Instructions for the task: Given the records below, the lines starting at the line with "Magill Catheter introducing forceps" and ending at the line with "SDP also manages" should be output exactly, both end lines kept and pictures left out.

Data extracted from a collection
_ _ _

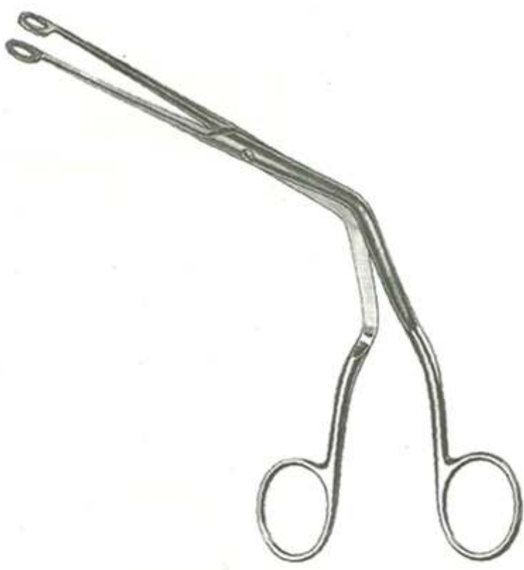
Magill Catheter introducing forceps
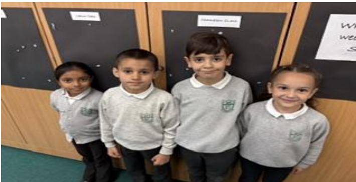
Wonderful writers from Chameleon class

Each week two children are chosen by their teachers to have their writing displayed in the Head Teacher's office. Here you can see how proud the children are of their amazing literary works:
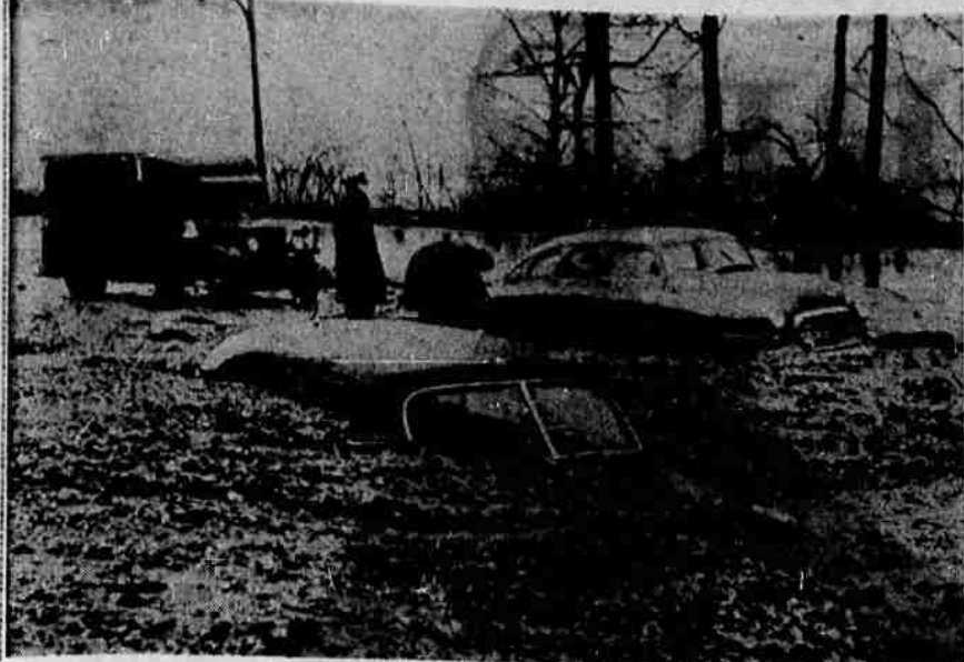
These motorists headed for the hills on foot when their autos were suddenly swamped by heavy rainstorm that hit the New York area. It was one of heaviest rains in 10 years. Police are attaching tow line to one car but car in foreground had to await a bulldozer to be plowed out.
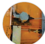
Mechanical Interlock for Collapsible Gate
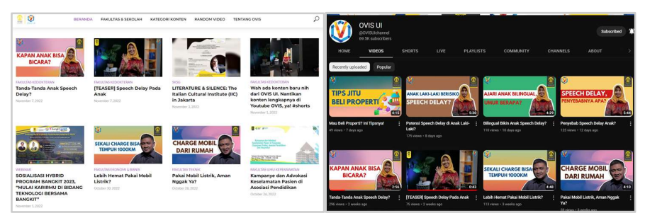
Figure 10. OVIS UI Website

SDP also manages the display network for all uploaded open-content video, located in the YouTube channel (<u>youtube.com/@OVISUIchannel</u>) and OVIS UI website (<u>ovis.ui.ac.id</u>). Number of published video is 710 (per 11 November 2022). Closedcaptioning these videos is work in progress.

_ _ _

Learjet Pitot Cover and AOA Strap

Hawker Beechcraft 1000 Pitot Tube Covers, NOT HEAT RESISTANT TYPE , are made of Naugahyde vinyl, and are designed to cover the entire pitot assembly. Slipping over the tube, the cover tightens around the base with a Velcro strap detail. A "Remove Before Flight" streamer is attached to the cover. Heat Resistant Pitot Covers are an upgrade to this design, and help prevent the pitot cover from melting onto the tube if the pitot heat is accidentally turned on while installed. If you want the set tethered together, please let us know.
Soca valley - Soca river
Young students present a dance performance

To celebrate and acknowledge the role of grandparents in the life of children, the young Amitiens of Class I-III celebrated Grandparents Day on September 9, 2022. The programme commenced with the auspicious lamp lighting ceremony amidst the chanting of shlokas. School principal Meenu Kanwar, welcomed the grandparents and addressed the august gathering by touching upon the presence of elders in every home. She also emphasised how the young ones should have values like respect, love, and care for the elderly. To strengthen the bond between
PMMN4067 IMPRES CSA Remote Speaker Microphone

_ _ _

Written response:
Magill Catheter introducing forceps
Wonderful writers from Chameleon class

Each week two children are chosen by their teachers to have their writing displayed in the Head Teacher's office. Here you can see how proud the children are of their amazing literary works:
These motorists headed for the hills on foot when their autos were suddenly swamped by heavy rainstorm that hit the New York area. It was one of heaviest rains in 10 years. Police are attaching tow line to one car but car in foreground had to await a bulldozer to be plowed out.
Mechanical Interlock for Collapsible Gate
Figure 10. OVIS UI Website

SDP also manages the display network for all uploaded open-content video, located in the YouTube channel (<u>youtube.com/@OVISUIchannel</u>) and OVIS UI website (<u>ovis.ui.ac.id</u>). Number of published video is 710 (per 11 November 2022). Closedcaptioning these videos is work in progress.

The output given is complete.